Goal of the exercise: Where the records below begin, start copying, and stop after the line that contains "5、返回到分区助手主界面:您"; reproduce every line exactly but omit pictures.

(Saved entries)
·····

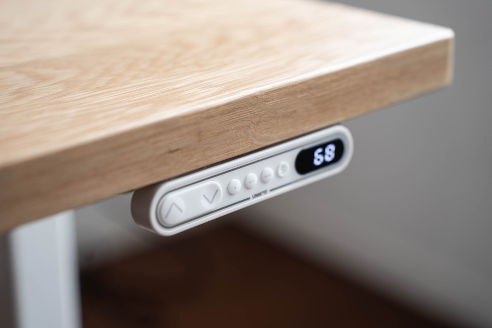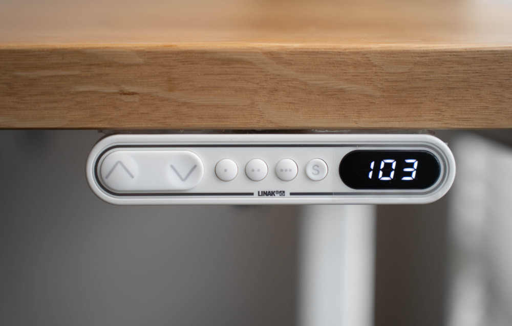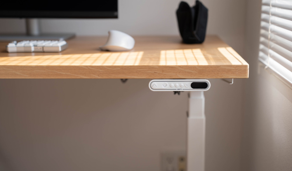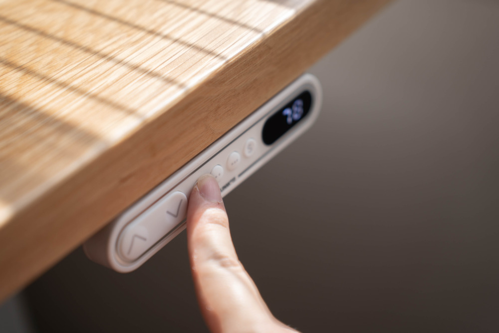 ただ、最近のFLEXISPOTのようなタッチパネル操作ではなく、物理ボタン式を採用しているのはありがたいです。体がコントローラーに当たっても誤って昇降することはないですし、慣れればノールックで操作できます。
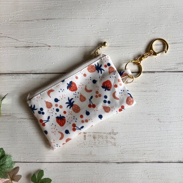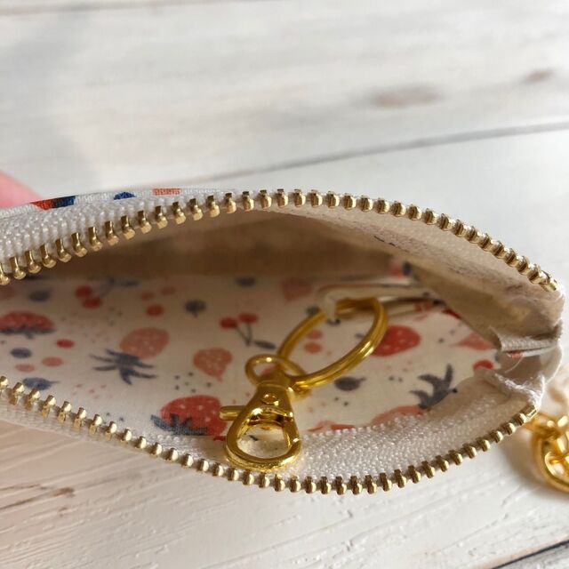 ポーチの外側にはダブルリングとキーホルダーをつけました。
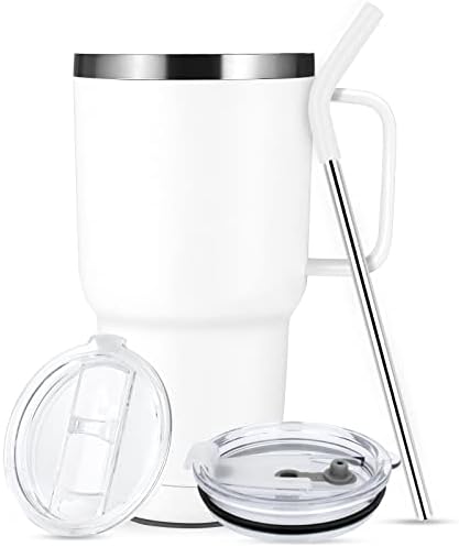 Amazon Com Sursip 30oz Insulated Mug With Lid And Straw Stainless Steel Double Walled Vacuum Cups Keeps Cold Up To 24 Hours Sweat Proof Dishwasher Safe Bpa Free Coffee Mug Travel Cups Car Using Whtie 1pack Tumblers Water Glasses
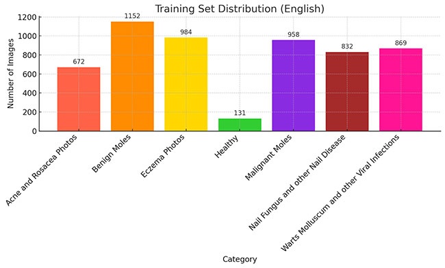 (2)测试集合计为1383张图像中包含痤疮和酒渣鼻 166张图,良性痣 286张 图,湿疹 244 张 图,健康皮肤 31 张 图,恶性痣 237 张 图,指甲真菌感染 206 张 图以及疣、软疣及其他类别的总计数为各分类中的最少数量即分别对应 Train 集中的各类别数量用于评估模型在未见数据上的表现
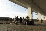 Po čtvrtej ráno na Aradským nádraží po zážitku, kdy si Andy ustlal ve vagónu v uličce mezi sedačkama a Kubík ho stihl poblejt. Proto má Andy tu sukýnku, co mu zapůkjčila Špulka. Chápu Andyho, že Aradský nádraží nepoznává. Já jsem z toho byl naposled taky v šoku. Na spoj do Timišoáry máme cirka tři hodiny. Krámy jsou ještě zavřený. Nakonec jsme se přemiklikovali před nádraží na lavičky. Tak jsem si u jednej roztáhl karimatku a chtěl dospávat, ale po chvilce tu byl nějakej hlídač ...nemá cenu odporovat, dospím to vsedě. Holt, jak rumun dostane funkci, tak je hrozně důležitej.
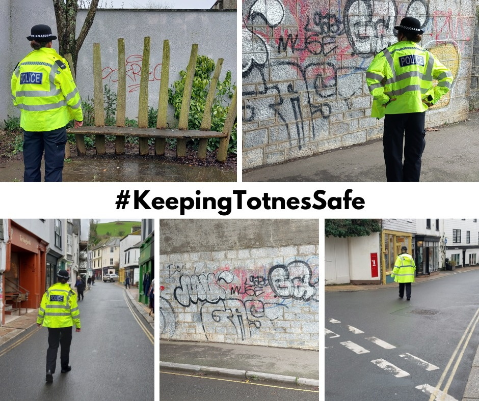 Totnes Police officers have been stepping up their foot patrols through the town centre after some concerns from the local community about the raise in graffiti, people drinking in the street and beggars in the area.
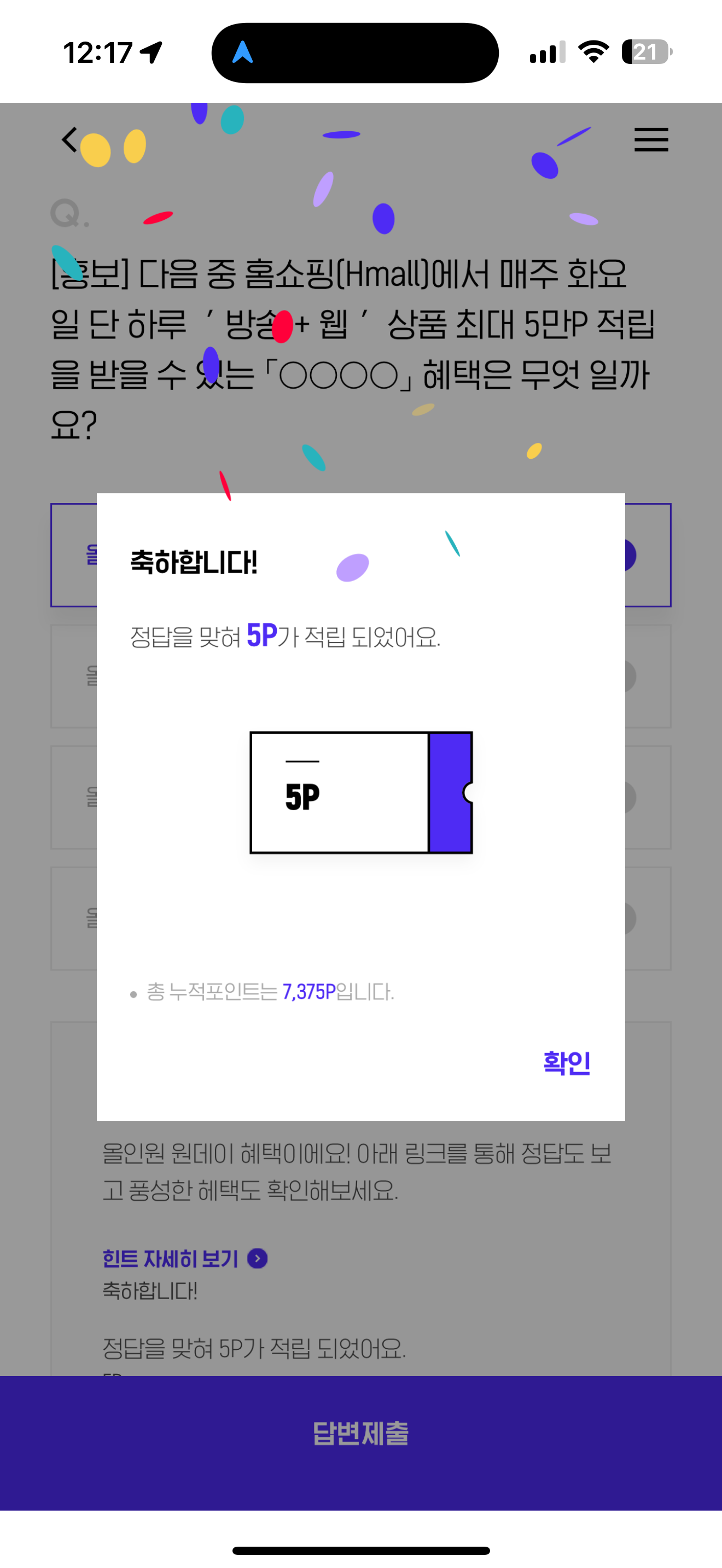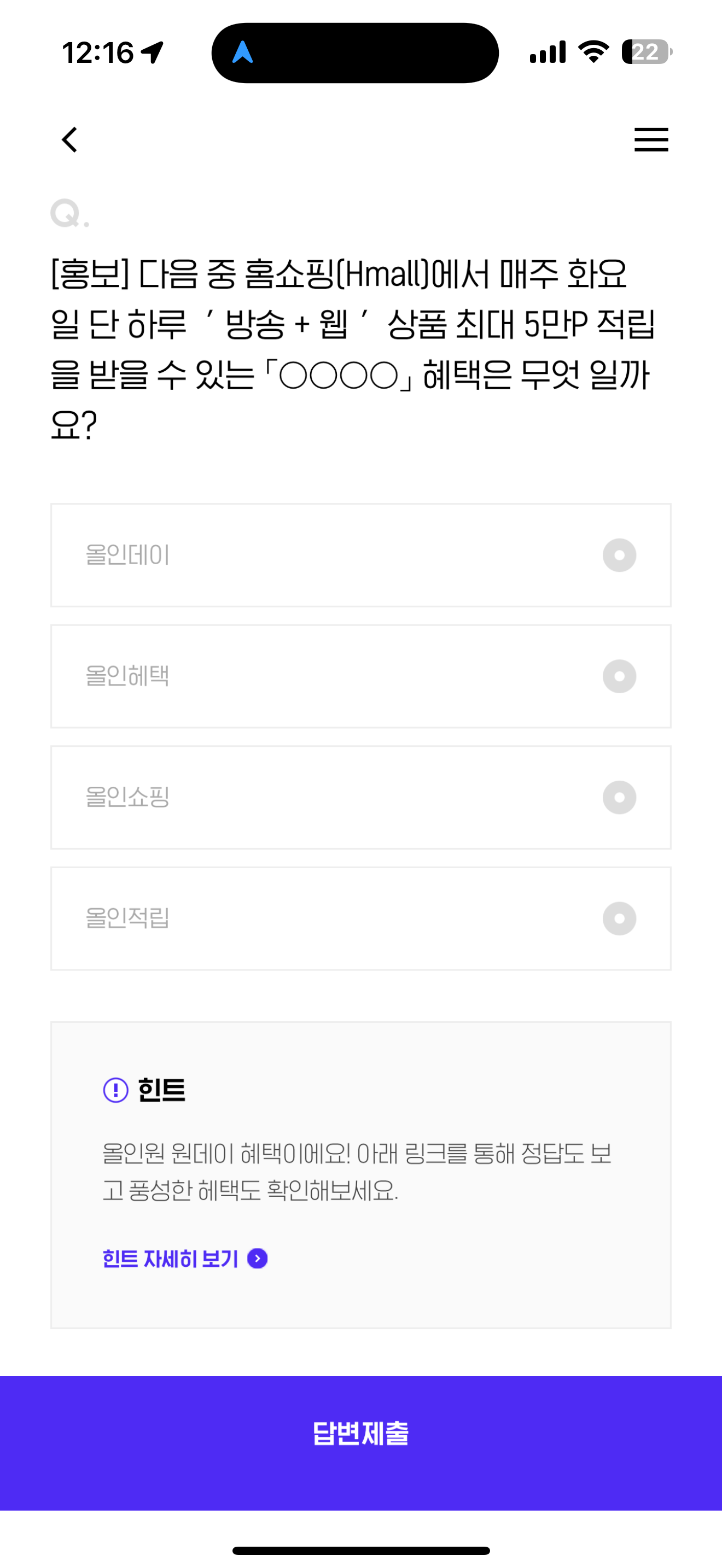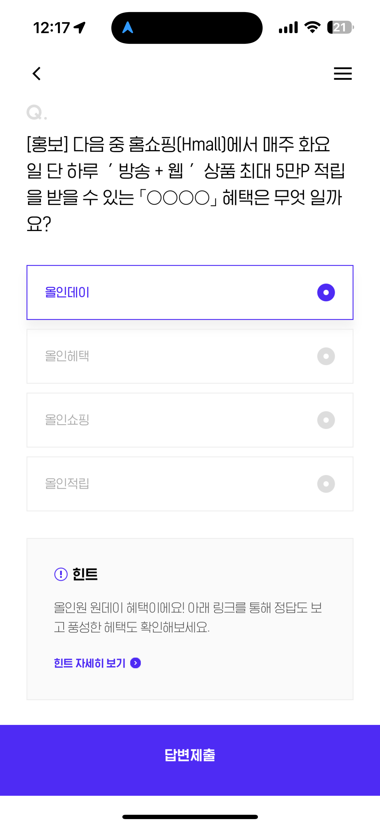 다음 중 홈쇼핑(Hmall)에서 매주 화요일 단 하루 ' 방송 + 웹 ' 상품 최대 5만P 적립을 받을 수 있는 OOOO 혜택은 무엇 일까요? 보기는 1. 올인데이 2. 올인혜택 3. 올인쇼핑 4. 올인적립 입니다. Hmall 홈쇼핑에서 화욜일 단 하루 5만 포인트 적립을 받을 수 있으니 참고해서 활용해 보세요
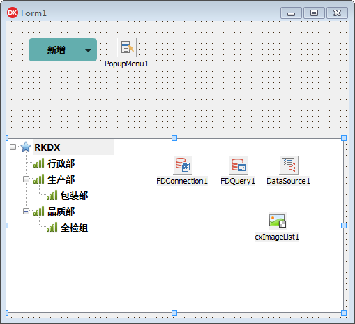 因为树形结构用的是DEV的TcxDBTreeList组件,ID/组织名称/父级ID/图片ID这四个是必须的.
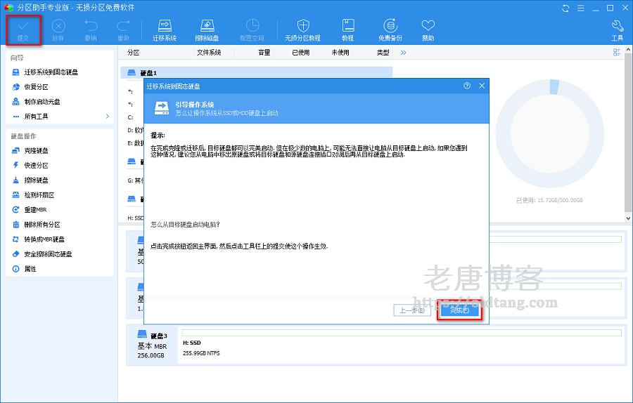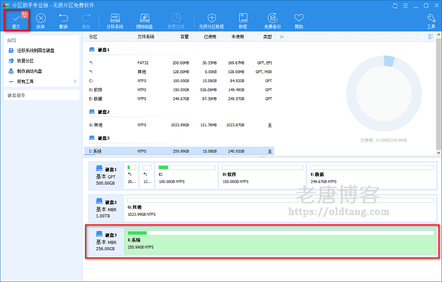 5、返回到分区助手主界面:您可以看到“等待执行的操作”一栏有一个新操作。点击主界面左上角“提交”,并根据软件的提示,完成您的系统盘迁移操作。
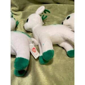 Pre-owned, Ty Beanie Boos Collection Set of (3) Peppermint Christmas Reindeer (2017). Cute reindeer features a green/white colors, green iridescent antlers, green sparkle eyes, & soft plush bodies. Ty tush tags in place. Measure 8" tall, 5 1/2" across, & 2 1/4" wide. All are in great condition- no holes, rips, stains or fraying. One has a small green area on lower front leg-defect present when made. Comes from a smoke free, pet free home.
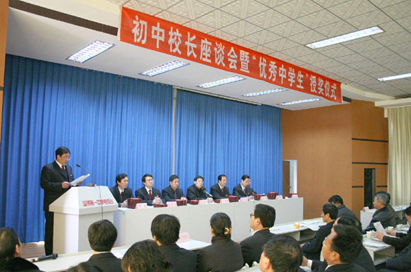 1月3日,博山区初中校长座谈会暨淄博一中2006年度"优秀中学生奖学金"颁奖仪式在我校科技报告厅举行。参加本次大会的有各初中学校校长及获奖学生、区教育局领导、我校领导班子成员及部分名师代表,副校长高雪长主持了会议。
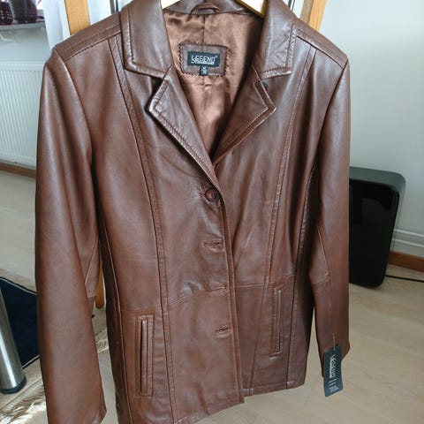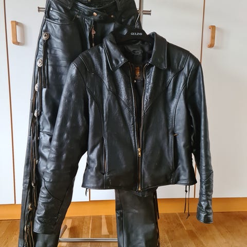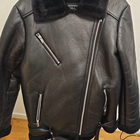 Skinnjacka i svart färg, damstorlek M. Jackan har en klassisk design med dragkedja fram och detaljer i skinn.
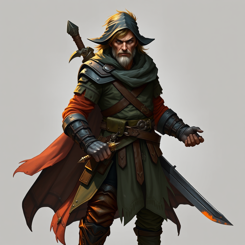 Full body character sheet detailed male visage rogue RPG fantasy balanced features D&D dungeons dragons adventure attire unique weaponry dynamic pose mysterious aura
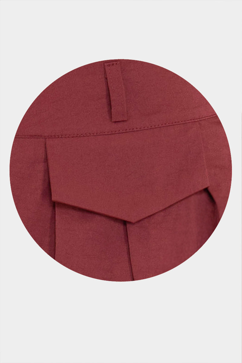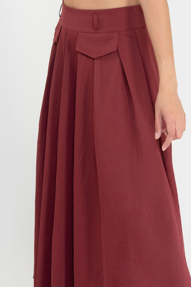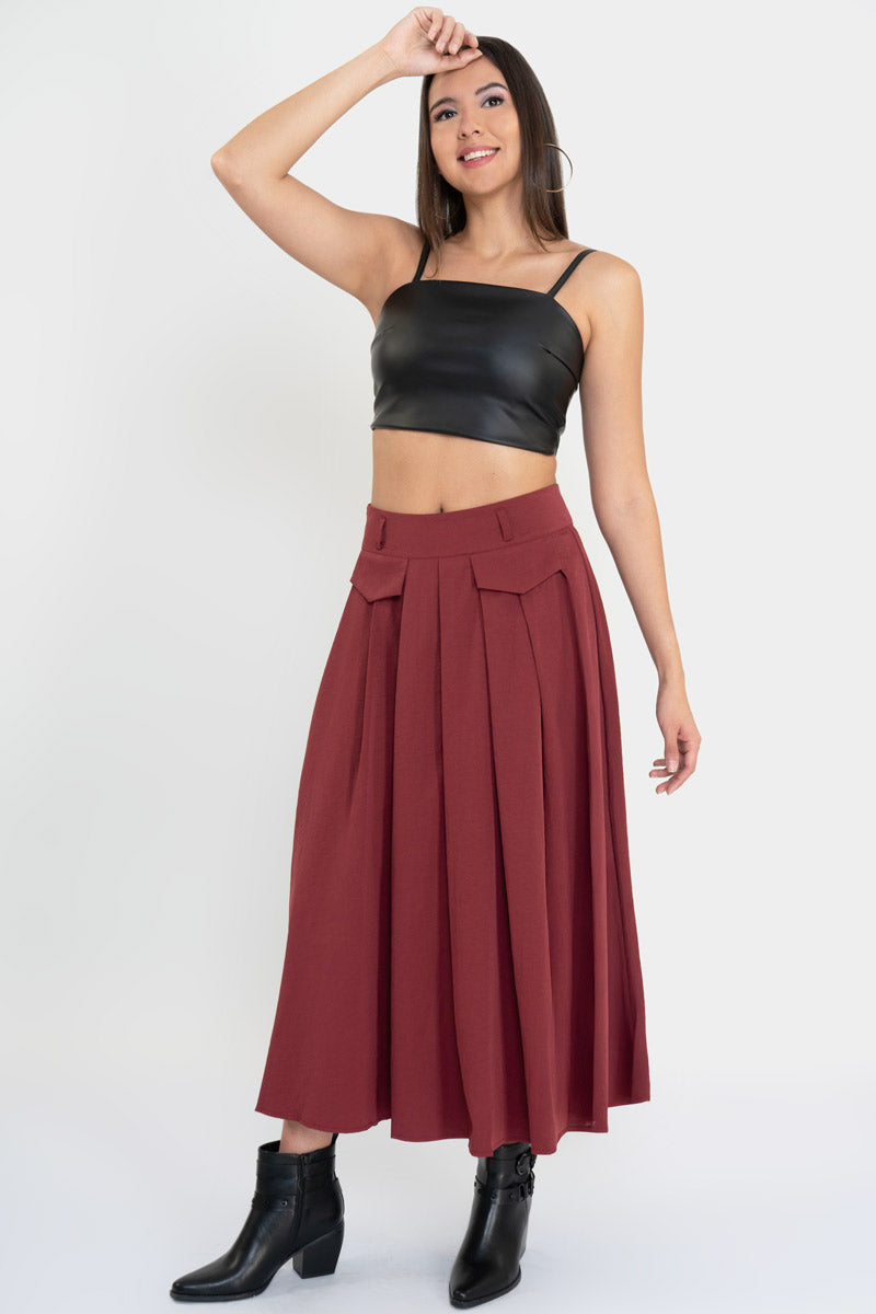 Luce auténtica y con mucho estilo con esta falda midi en un elegante tono vino. Su diseño con pliegues marcados y cintura alta resalta tu figura mientras te da libertad de movimiento y comodidad durante todo el día. Con detalles modernos como solapas decorativas en la pretina y un corte amplio que aporta fluidez, esta falda es ideal para crear combinaciones únicas y llenas de actitud.
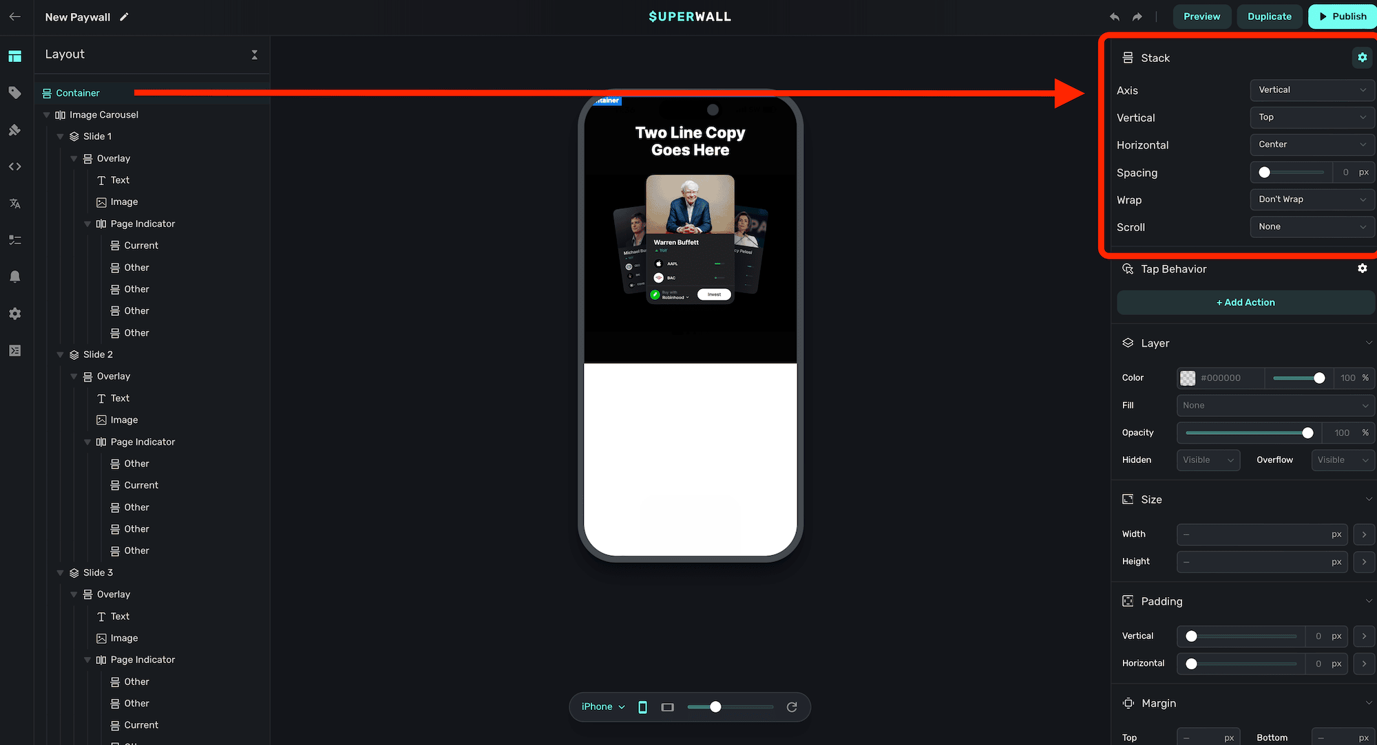 Spacing: Defines the amount of space between items within the stack, measured in pixels by default.

·····

Task solution:
 ただ、最近のFLEXISPOTのようなタッチパネル操作ではなく、物理ボタン式を採用しているのはありがたいです。体がコントローラーに当たっても誤って昇降することはないですし、慣れればノールックで操作できます。
 ポーチの外側にはダブルリングとキーホルダーをつけました。
 Amazon Com Sursip 30oz Insulated Mug With Lid And Straw Stainless Steel Double Walled Vacuum Cups Keeps Cold Up To 24 Hours Sweat Proof Dishwasher Safe Bpa Free Coffee Mug Travel Cups Car Using Whtie 1pack Tumblers Water Glasses
 (2)测试集合计为1383张图像中包含痤疮和酒渣鼻 166张图,良性痣 286张 图,湿疹 244 张 图,健康皮肤 31 张 图,恶性痣 237 张 图,指甲真菌感染 206 张 图以及疣、软疣及其他类别的总计数为各分类中的最少数量即分别对应 Train 集中的各类别数量用于评估模型在未见数据上的表现
 Po čtvrtej ráno na Aradským nádraží po zážitku, kdy si Andy ustlal ve vagónu v uličce mezi sedačkama a Kubík ho stihl poblejt. Proto má Andy tu sukýnku, co mu zapůkjčila Špulka. Chápu Andyho, že Aradský nádraží nepoznává. Já jsem z toho byl naposled taky v šoku. Na spoj do Timišoáry máme cirka tři hodiny. Krámy jsou ještě zavřený. Nakonec jsme se přemiklikovali před nádraží na lavičky. Tak jsem si u jednej roztáhl karimatku a chtěl dospávat, ale po chvilce tu byl nějakej hlídač ...nemá cenu odporovat, dospím to vsedě. Holt, jak rumun dostane funkci, tak je hrozně důležitej.
 Totnes Police officers have been stepping up their foot patrols through the town centre after some concerns from the local community about the raise in graffiti, people drinking in the street and beggars in the area.
 다음 중 홈쇼핑(Hmall)에서 매주 화요일 단 하루 ' 방송 + 웹 ' 상품 최대 5만P 적립을 받을 수 있는 OOOO 혜택은 무엇 일까요? 보기는 1. 올인데이 2. 올인혜택 3. 올인쇼핑 4. 올인적립 입니다. Hmall 홈쇼핑에서 화욜일 단 하루 5만 포인트 적립을 받을 수 있으니 참고해서 활용해 보세요
 因为树形结构用的是DEV的TcxDBTreeList组件,ID/组织名称/父级ID/图片ID这四个是必须的.
 5、返回到分区助手主界面:您可以看到“等待执行的操作”一栏有一个新操作。点击主界面左上角“提交”,并根据软件的提示,完成您的系统盘迁移操作。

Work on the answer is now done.